→ MATERIAL FOR THIS TASK:
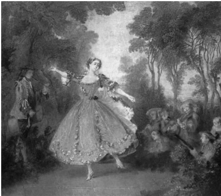
Мари Камарго. Художник Н. Ланкре

Сперва малышку приглашали выступать в домах местной знати. Затем несколько дам собрали деньги, чтобы отправить Мари-Анн в Париж – учиться у знаменитой Франсуазы Прево. К тому времени Прево была ведущей танцовщицей Королевской академии музыки и танца – кстати, этот «титул» она носила чуть ли не четверть века. Для своего времени она
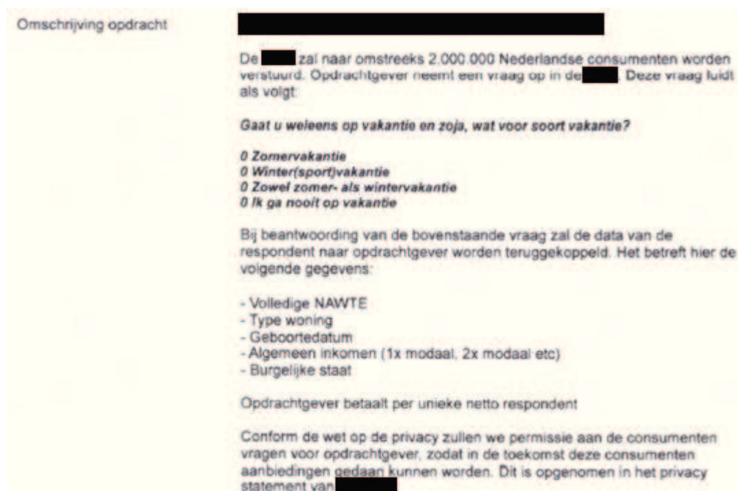
Figuur 6 Schermafdruck van methode C
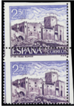
2031 15 €
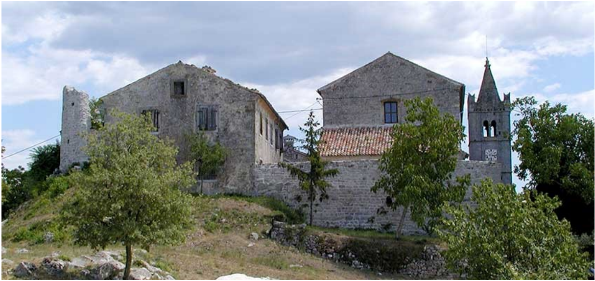
Slika 5. Hum
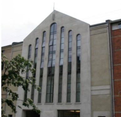
La chapelle de Copenhague (Frederiksberg). N.p., 12.05.04

de son propriétaire, ils conduisent les visiteurs dans une salle où est projeté un film comprenant un historique et une présentation des temples mormons (avec des photos d'autres sites dans le monde) mais surtout l' interview de membres, d'"autorités" et du "prophète" de l'É.S.D.J. justifiant l'intérêt de ces constructions et des rites qu'elles abritent. Puis les guides fournissent des recommandations encadrant la visite (interdiction de toucher, silence, etc.) et divisent l'assistance en deux sous-groupes 40 .
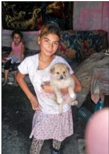
Gezinnen krijgen hulp op voorwaarde dat ze de kinderen naar school laten gaan.
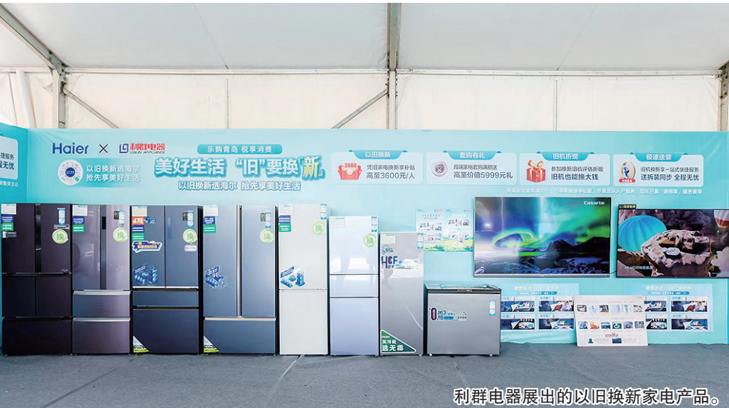
利群电器展出的以旧换新家电产品。
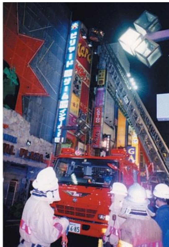
（出典）東京消防庁 写真の掲載については著作権者の許諾を得ています。
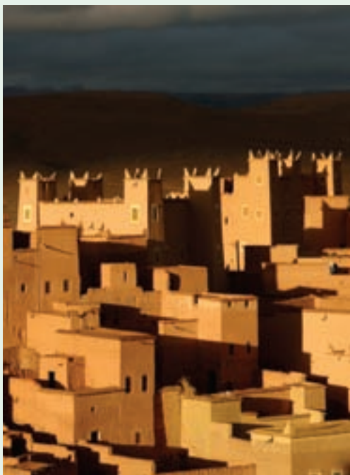
↑ 摩洛哥瓦尔扎扎特附近的阿伊特·本·哈杜筑垒镇
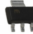
MIC5209-3.6BS TR Microchip Technology IC REG LDO 3.6V 0.5A SOT223
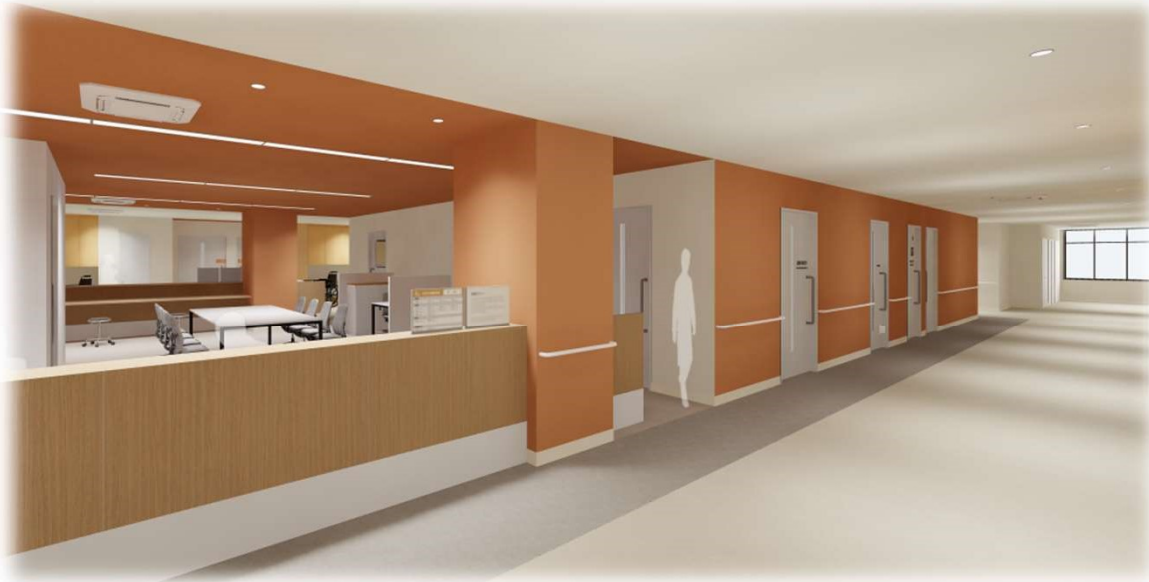
⑦ 4階 スタッフステーション前
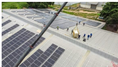
Project Zon op de Zaak -Stockfoto

→ TRY IT: Look over the records above, and wherever a line contains the string "Мари", copy that line.

→ ANSWER TO THE PROBLEM:
Мари Камарго. Художник Н. Ланкре
Сперва малышку приглашали выступать в домах местной знати. Затем несколько дам собрали деньги, чтобы отправить Мари-Анн в Париж – учиться у знаменитой Франсуазы Прево. К тому времени Прево была ведущей танцовщицей Королевской академии музыки и танца – кстати, этот «титул» она носила чуть ли не четверть века. Для своего времени она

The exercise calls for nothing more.